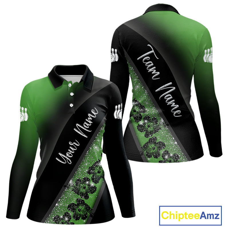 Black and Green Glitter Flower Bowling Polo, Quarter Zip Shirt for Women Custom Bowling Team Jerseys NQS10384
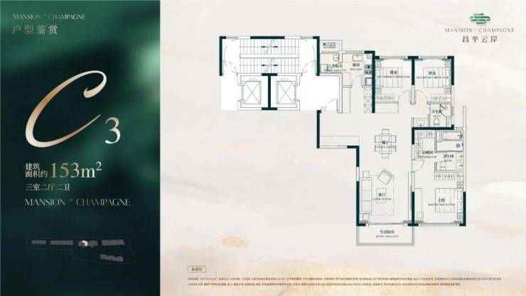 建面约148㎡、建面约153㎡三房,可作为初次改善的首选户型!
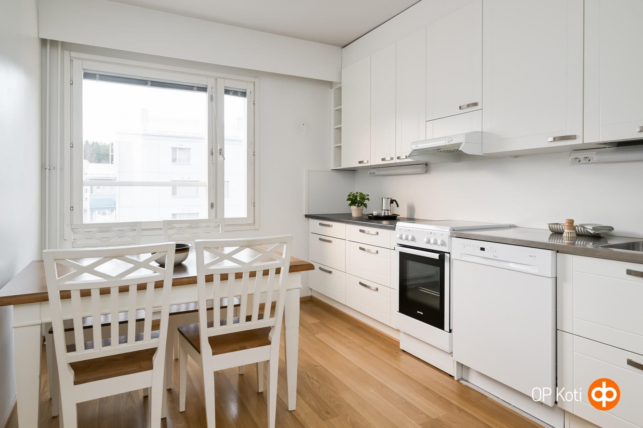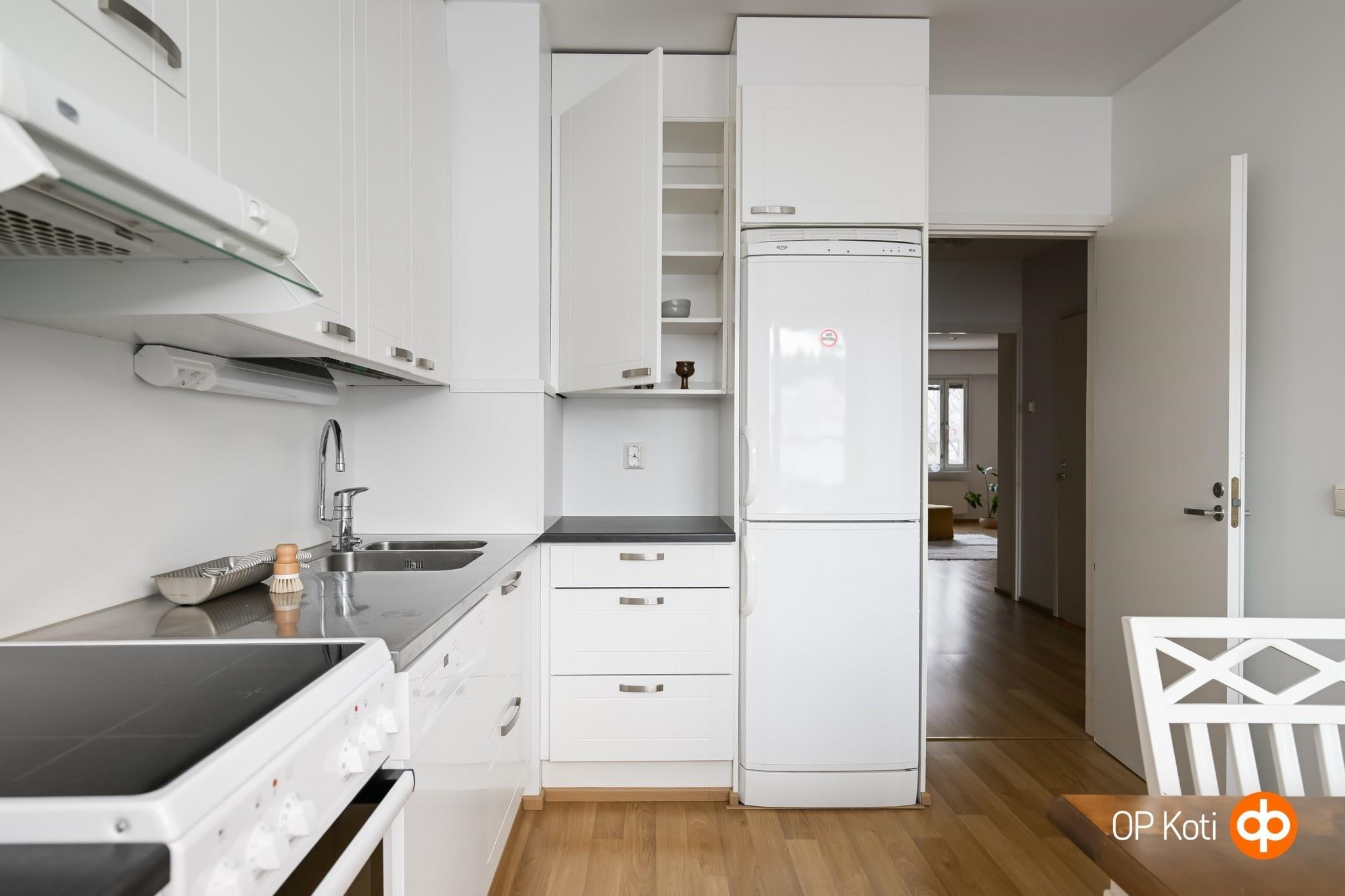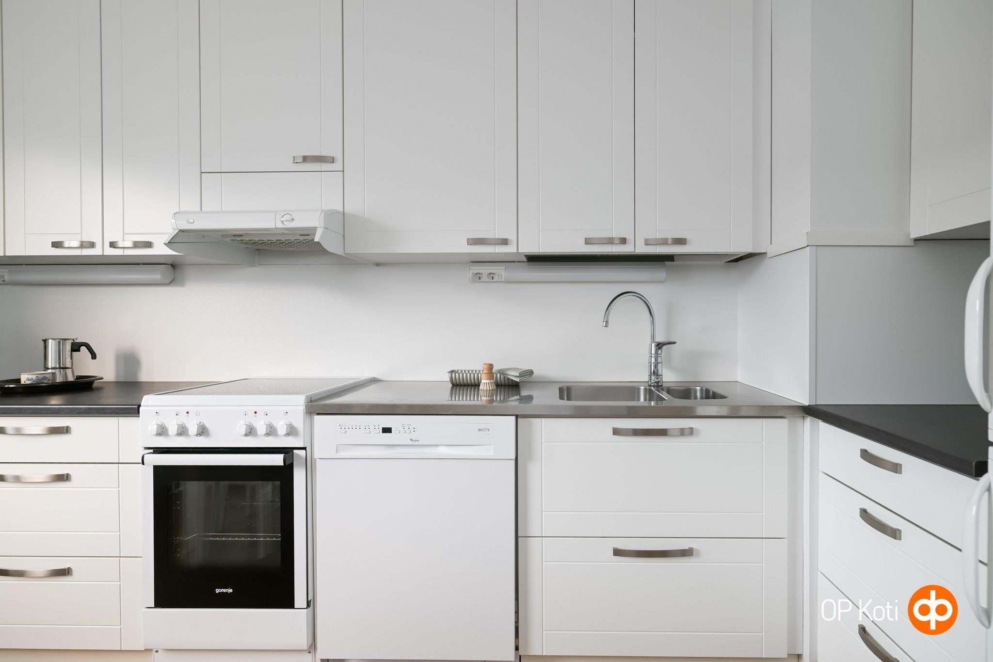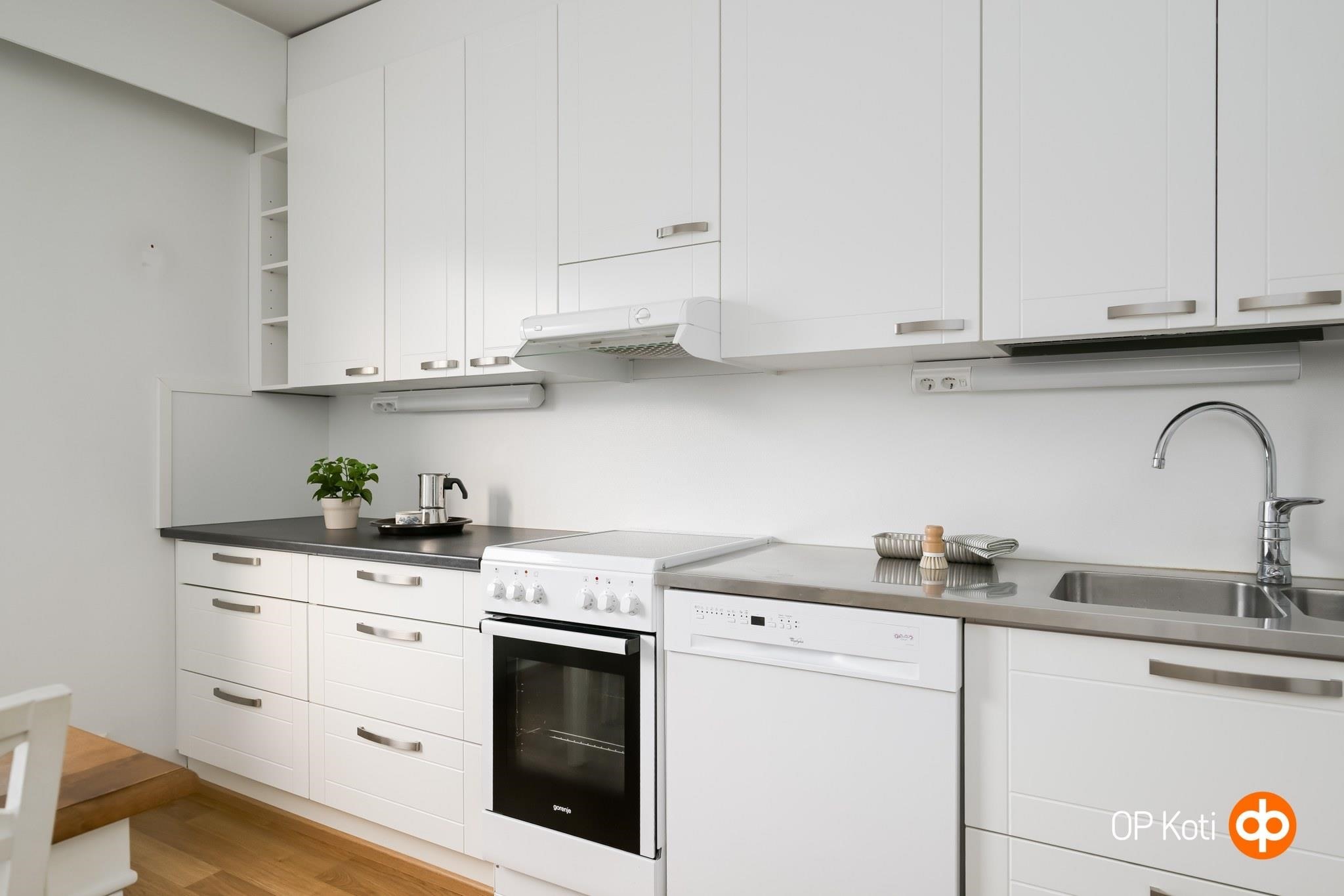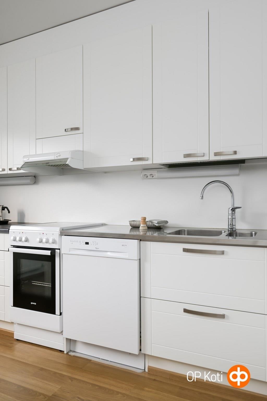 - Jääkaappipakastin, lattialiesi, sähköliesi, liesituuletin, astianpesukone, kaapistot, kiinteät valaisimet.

▬▬▬▬▬▬

The problem:
Excluding images, output exactly the lines from the one that holds "建面约148㎡、建面约153㎡三房,可作为初次改善的首选户型!" through the final line of the material, both ends included.

Result of this exercise:
 建面约148㎡、建面约153㎡三房,可作为初次改善的首选户型!
 - Jääkaappipakastin, lattialiesi, sähköliesi, liesituuletin, astianpesukone, kaapistot, kiinteät valaisimet.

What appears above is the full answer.